0

I have two dataframes, let's say dfr1 and dfr2. dfr1 looks like:

x,y,z
1,2,3
1,1,3
1,2,3
1,4,3
1,5,3

while dfr2 looks like:

p1,p2,p3
100,200,300  
100,400,300
100,500,300                 

I would like to apply a procedure to each row of dfr1 by using dfr2. Let's say that each row of the dfr1 are the coordinate of some points. On the other and the columns of the dfr2 are the coordinates of other points that we can called "stations". For each point of dfr1 I would like to compute the distance with each points of dfr2 in order to sort the distances.

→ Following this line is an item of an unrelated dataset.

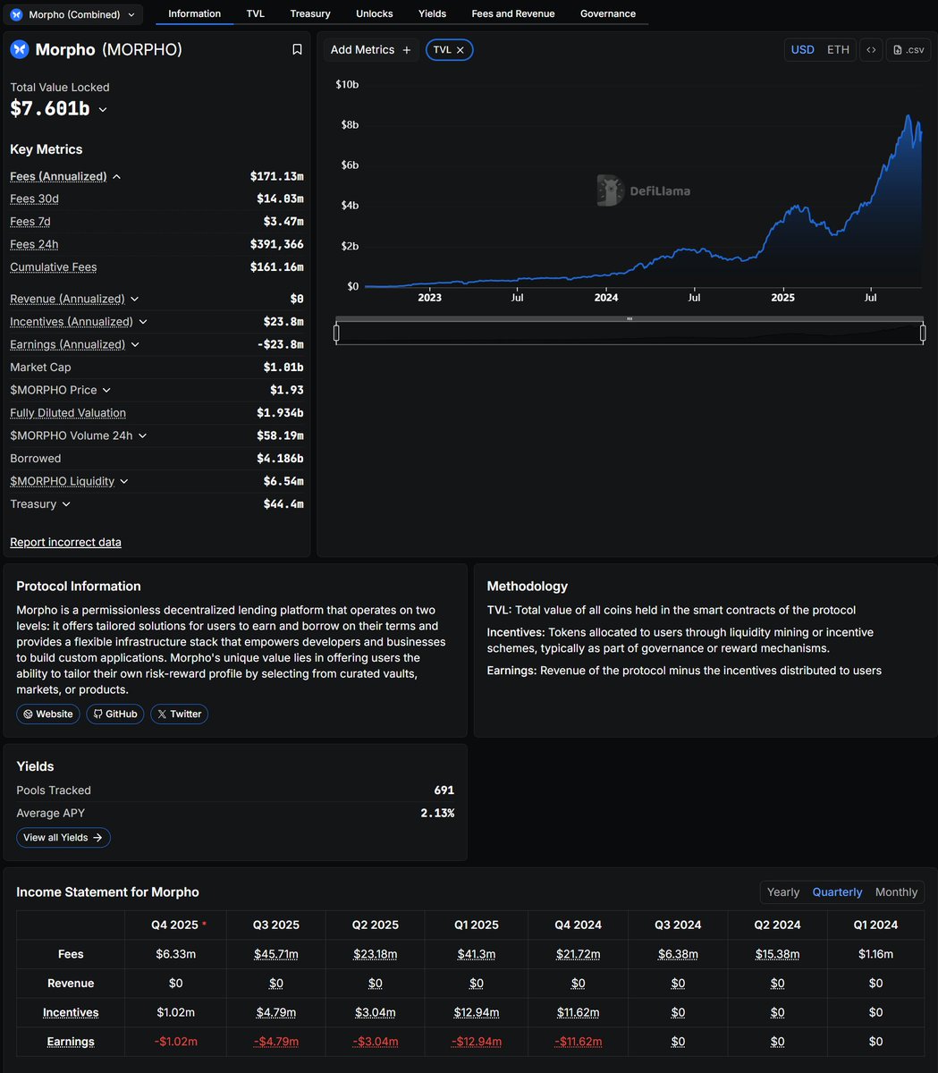 根据Defillama @DefiLlama 数据显示,Morpho目前锁仓量(TVL)已突破 70 亿美元,稳居新一代 DeFi 借贷协议的前列,并且Morpho Labs 累计融资 超 6800 万美元,战略轮价格约为 0.74 美元/枚。

Let's define the function test:

import math 
def test(rr):
  res = math.sqrt((rr[0]-p1_x)**2 + (rr[1]-p1_y)**2 + (rr[2]-p_1z)**2)  
  return res

I have learnt to apply test to each row of dfr1:

res = dfr.apply(test, axis=1)

How can I pass some elements of dfr2 to the function. I would like to not read it inside the function due to the fact that dfr2 will have a more complicate structure. Here an example of my real original file of with the data of the stations:

            ,station_1,station_3,station_3
coordiante x          ,100,200,300  
coordiante y          ,100,400,300
coordiante z          ,100,500,300
2018-01-01 00:00:00   ,1,2,3
2018-01-01 01:00:00   ,2,2,3
2018-01-01 02:00:00   ,3,2,3
2018-01-01 03:00:00   ,4,2,3
2018-01-01 04:00:00   ,4,NaN,3
2018-01-01 05:00:00   ,3,2,3

I have found this solution on another post here in stackoverflow:

def func(x, other):
    other_value = other.loc[x.name]
    return your_actual_method(x, other_value)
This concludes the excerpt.